Quant au caractère équitable de la décision du Conseil scolaire, un des arguments de la mère est que celui-ci n’avait pas justifié sa décision. En rejetant l’appel de la mère, le Conseil avait, à toutes fins pratiques, déclaré qu’il avait pris sa décision en tenant compte de tous les facteurs pertinents. Du point de vue de la Cour, cela était presque dangereusement inadéquat. Cependant, la Cour n’a pas voulu renvoyer la question au Conseil pour obtenir d’autres motifs, faisant valoir que les brèves motifs n’avaient pas empêché la mère de soumettre un appel effectif.
La Cour a également rejeté l’objection fondée sur la violation des droits à la liberté et à la sécurité de l’élève aux termes de la Charte. La Cour a déclaré que la Cour suprême du Canada, dans l’affaire Blencoe c. B.C. Human Rights Commission, a conclu que la «liberté» est en cause lorsque des contraintes ou des interdictions de l’État influent sur les choix importants et fondamentaux qu’une personne peut faire dans sa vie, notamment lorsque des personnes doivent se présenter pour faire prendre leurs empreintes digitales ou pour produire des documents. Pour ce qui est de la « sécurité de la personne », elle se limite à la « tension psychologique grave causée par l’État ». Qui plus est, même lorsqu’elles sont graves, les atteintes de l’État à l’intégrité psychologique d’une personne ne font pas toutes intervenir l’art. 7.

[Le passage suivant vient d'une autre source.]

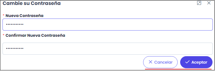 - Al hacer clic en el botón Aceptar, el sistema valida que el campo Nueva Contraseña, cumpla con los parámetros definidos. En caso contrario muestra el respectivo mensaje debajo del campo.

La Cour a déclaré qu’en l’espèce la jurisprudence était claire et que le fait pour un enfant de fréquenter une école donnée ne constituait pas un droit reconnu par la loi, un avantage ou une autorisation. En conséquence, aucun élève n’a de « droits acquis » dans une école. Du point de vue de la Cour, il était tout à fait faux de prétendre que l’élève avait subi un préjudice ou que l’on s’en était pris à son intégrité psychologique, et aucune précision n’avait été donnée à l’appui de cette allégation. Dans pareilles circonstances, les preuves selon lesquelles il y aurait eu atteinte aux droits de l’élève à la liberté et à la sécurité ne sont pas suffisantes pour faire intervenir l’article 7 de la Charte.
La demande de révision judiciaire a donc été rejetée.
Notre point de vue
Cette décision confirme le respect que témoignent les tribunaux à l’égard des administrations scolaires lorsqu’il s’agit de sécurité et de sûreté dans les écoles. L’opinion de la Cour suprême du Canada dans l’affaire R. v. M. (M.R.) est que les autorités scolaires ont la lourde responsabilité de veiller à la sécurité des élèves et qu’elles sont les mieux placées pour évaluer s’il y a des motifs raisonnables d’imposer des mesures disciplinaires. Pour toutes ces raisons, la Cour n’a pas voulu imposer des normes d’équité procédurale trop rigoureuses dans le cas de cette enquête menée par le directeur d’école.